Our gamble turned out to be the biggest jackpot of the trip. I’ll have to withhold the details of exactly where we ended up but this I can tell you: it was west of Bali where we found a shallow left hander that went on forever and threw out plenty of barrels on each ride. Every day we awoke to perfect empty waves ranging from chest high to overhead. The conditions were sweeter than a plate of yams with extra syrup. It was surreal to see those waves peeling endlessly with no one out. There wasn’t a bad vibe in the water with the few other surfers we met and everyone shared plenty of waves. I scored tons of barrels and became addicted to the view inside the green room. That last week was the best week of surfing I’d ever experienced, hands down. Personally, I also felt as if I had peaked at the right moment and ended up catching an 8ft. tube ride on the last day I could surf.

Some waves stay with you for weeks, months, even years and that is one wave I won’t be forgetting for a long time. I was giddy as can be. I had pushed myself physically and mentally, and felt as if I had accomplished my goal of vastly improving my surfing skills and knew I was ready to head home. Back in Bali, Damien and I exchanged goodbyes and I truly hope to see him one day in the future.

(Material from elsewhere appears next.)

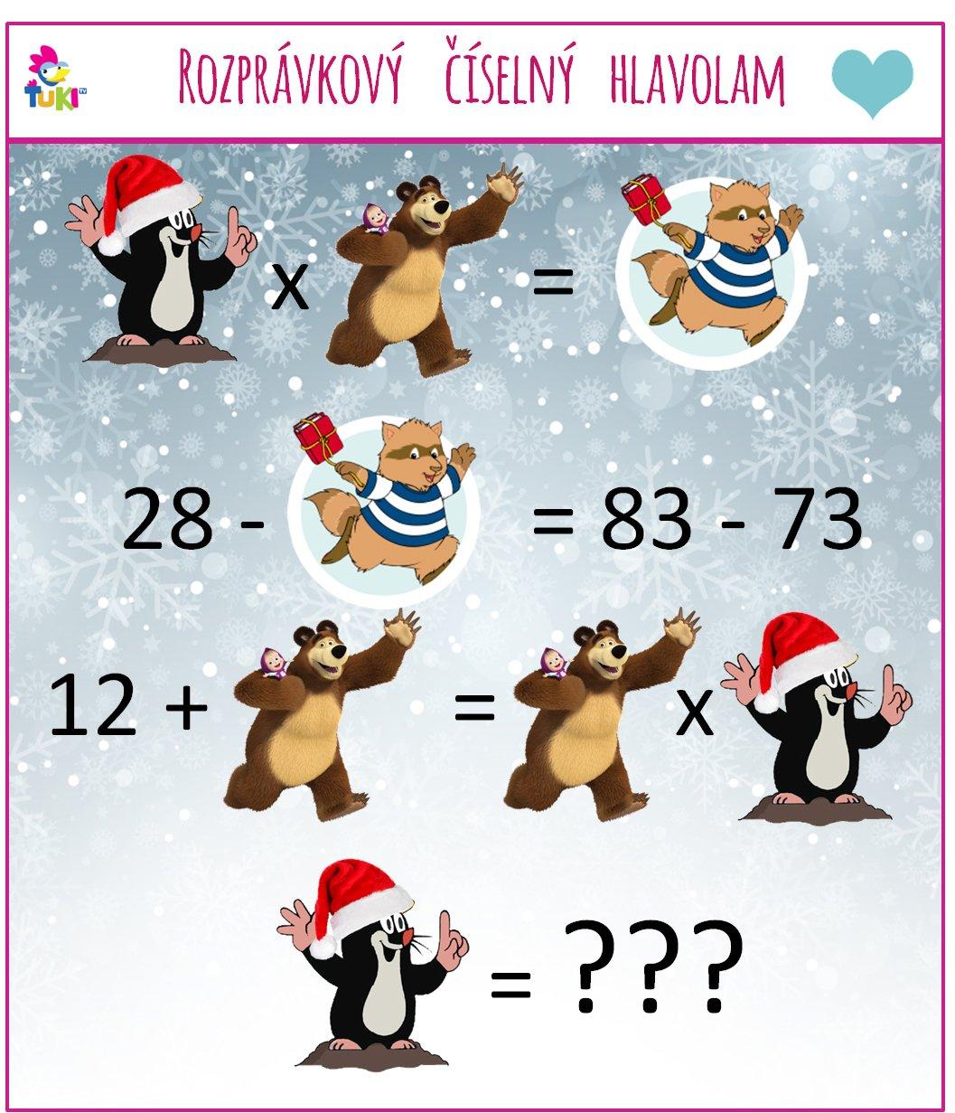 Prajem pekné ráno 🙂 Ešte sme tento týždeň nemali matematickú prebúdzačku za 2 #srdiecka ❤, ideme na to? ;) Počítať budeme s postavičkami z Ťuki TV - Krtkom, Mášou a medveďom a Timothym. Vypočítate, akú hodnotu má Krtko? 🙂#magio_tv, #tuki_tv

Making their way back to BaliAfter arriving in the U.S., I spent a few days on the West Coast catching up with some surfer friends who wanted to hear every painstaking detail of the trip. As if my luck hadn’t been good enough already, a friend gave me a used 6’2” for free. Another five hour plane ride and I was back in Atlanta with my little lady. The end of the road for my two month’s off had come and I was thankful for the experience but also glad to be home. Now I’m back in Cubeville, five hours from the nearest coast but personally I’d rather surf far away exotic destinations every few months than local beach breaks every week. The trade off I’ve made has its ups and downs but that is the path I’ve chosen for the time being. In case you are wondering, I’m already planning my annual California winter trip and my next major excursion…South Africa? Mentawai’s? Time to make another choice.

P.S. I want to thank Melody Robinson for being who she is and for being so understanding.